Yet Another Journal

Nostalgia, DVDs, old movies, television, OTR, fandom, good news and bad, picks, pans,
cute budgie stories, cute terrier stories, and anything else I can think of.


 Contact me at theyoungfamily (at) earthlink (dot) net

. . . . .
. . . . .  

 
 
» Saturday, August 03, 2013
Doc on the Block

One of the results of Kaiser's snafu with James' doctor's appointment on Tuesday—when he confirmed the appointment they told him it was 9:40 a.m., but when he arrived, they told him he had missed it because it was at 8:40—was that he didn't get his blood test done. It was supposed to be a fasting blood test, but he couldn't go without eating until his re-assigned appointment at 4:40. So the first thing to do this Saturday morning was go to one of Kaiser's weekend clinics and get a blood test. So we both got up at eight, and I grabbed a fruit cup for each of us and an extra granola bar for James, and we went off to the Glenlake office near Perimeter Mall, which James' doctor and the nurse at Cumberland assured us was open, and it opened at nine.

Of course when we got there a few minutes after nine, they were open, but the nurse said the lab was not. James was fit to be tied after two mistakes in a row. The nurse did tell us that the Gwinnett office was open, so we plugged that into the GPS and arrived there at 9:35.

They don't open until ten. ::sigh::

Well, of course we waited; he had to have the test. Found out this office actually makes you take a number, like in a bakery! Luckily James was number three, and I had the granola bar waiting for him (I'd already had my oranges in the waiting room; I wasn't going to eat in front of him!) with an orange chaser. Then we had breakfast at the IHOP.

Now, when we'd planned this expedition earlier in the week, we figured that since we were going to have to be at Glenlake anyway, we might as well as go to North Point.
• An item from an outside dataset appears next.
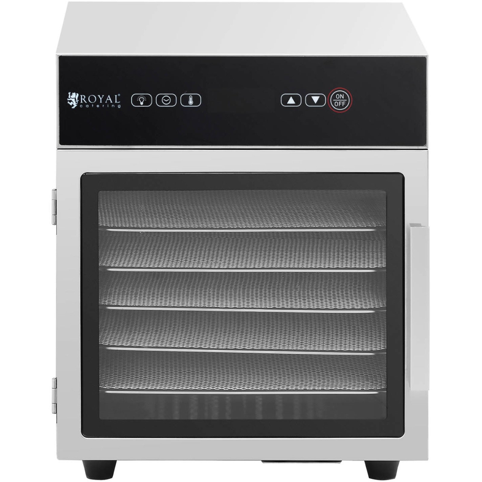 S sušilnikom za hrano Royal Catering lahko pripravite sušene dobrote doma, v restavraciji ali baru. Moč naprave je 500 W. Temperaturo lahko nastavite med 30 in 90 °C. Čas lahko nastavite med 0,5 in 24 urami. Šest nerjavečih jeklenih rešetk lahko sprejme velike količine hrane. Sprednja stran iz kaljenega stekla vam omogoča vpogled v notranjost, ne da bi morali odpreti vrata.

Not for the mall—yawn. But we had Barnes & Noble coupons and figured we might go to a different store for a change. So we still did that; it was on the route home after all.

This was a nice big store despite how small it looked from the outside, and I saw something I wanted almost immediately, a book about Sir Arthur Conan Doyle's first wife solving a mystery. But after a good wander around the store, I was stopped in my tracks by the new books rack in the Science Fiction section, where I saw the Doctor Who book A History of the Universe in 100 Objects. When I had quit laughing until the tears came, since I knew the book this was a parody of (heck, I listened to the radio show of it on the BBC), I had to get it.
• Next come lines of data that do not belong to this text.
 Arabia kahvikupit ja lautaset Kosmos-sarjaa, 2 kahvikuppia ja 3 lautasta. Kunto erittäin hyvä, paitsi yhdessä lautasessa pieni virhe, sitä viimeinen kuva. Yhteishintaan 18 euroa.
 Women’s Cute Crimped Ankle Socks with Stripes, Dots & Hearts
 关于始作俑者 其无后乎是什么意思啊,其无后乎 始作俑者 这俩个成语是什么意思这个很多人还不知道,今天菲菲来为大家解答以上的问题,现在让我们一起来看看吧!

We also went to Fry's in Alpharetta for a while, but, man, that place is becoming kind of depressing! I remember when it opened and all the wonderful stuff it had. Now where the instruction books and the software used to be, it's full of "As Seen on TV" stuff and tchotchkes...just more stuff to dust! The cafe doesn't have soup any more, and the DVD storage is just about nil anymore. We did find a Panera to have a bowl of soup each to hold us until supper.

We checked out a used bookstore, too, back near North Point, but it was disappointing. It was a nice cozy place, and a good assortment of books, but they were mostly overpriced.

On our way home, James stopped by the Akers Mill Barnes & Noble so I could pick up the Louise Doyle book I had seen earlier. It was nice of him because we were both tired. Had supper at home with leftovers, and then later had a nice chat with Mike, who had just arrived back in Oklahoma from Virginia.